In simpler terms, if global investors purchase more Indian bonds, the increased demand tends to raise bond prices, causing yields (returns) to fall. This has already been observed in the recent drop in the 10-year benchmark bond yield due to optimism surrounding the possible index inclusion. Lower government bond yields have broader implications, translating to lower interest rates for banks and companies seeking funds.

10-Y Yield Slips on Index Talks, Weaker Oil


Impact on Retail Investors

Retail investors can benefit from index inclusion in several ways:

  1. Lower Interest Rates: Cheaper loans for households, autos, and personal use as banks pass on their reduced borrowing costs, leading to higher disposable incomes.
  2. Better Fixed Deposit Rates: Banks paying higher interest rates on retail deposits due to lower funding costs, potentially resulting in 50-100 basis points higher FD rates over the next year.
  3. Stronger Rupee: Inflows of foreign capital can stabilize the Indian Rupee against the US Dollar, controlling import costs and inflation, ultimately benefiting the middle class.
  4. Higher Bank Profits: Private sector banks relying heavily on wholesale funding could see expanded margins due to lower bond yields, potentially boosting their share prices.

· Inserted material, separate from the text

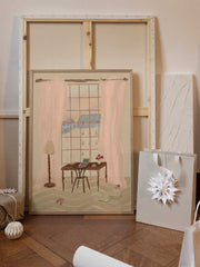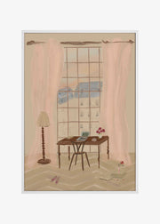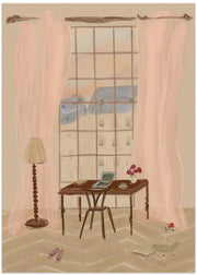 Paris Window View Illustration with Rustic Desk by Katharina Puritscher
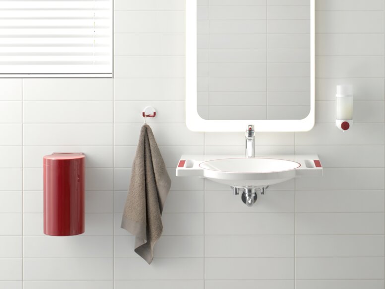La modularité du système permet d'équiper tout ou partie de l'espace sanitaire, en commençant par les accessoires classiques, en passant par les produits de confort, jusqu'aux produits pour les zones normalisées et accessibles aux personnes à mobilité réduite.

Retail investors are advised to accumulate quality banking stocks during market dips for potential gains.

Impact on Industries

Industries that stand to benefit from index inclusion and lower bond yields include:

  1. Banking: Public and private sector banks could see lower funding costs, with potential margin expansion.
  2. Infrastructure: Savings on interest costs for entities like NHAI and Power Grid, providing room for capital expenditure. Suggested stocks include NTPC, Power Grid, and L&T.
  3. Real Estate: Cheaper home loans could revive housing sales, benefiting developers like Godrej, Oberoi, and Sobha. Stocks such as DLF and Prestige are also considered good bets.
  4. Autos: Savings on interest could boost margins for companies like Maruti and M&M, with increased demand from cheaper auto loans.
  5. Consumer Discretionary: Lower inflation and rates contribute to India’s long-term consumption story. Favorable stocks include Titan and Asian Paints.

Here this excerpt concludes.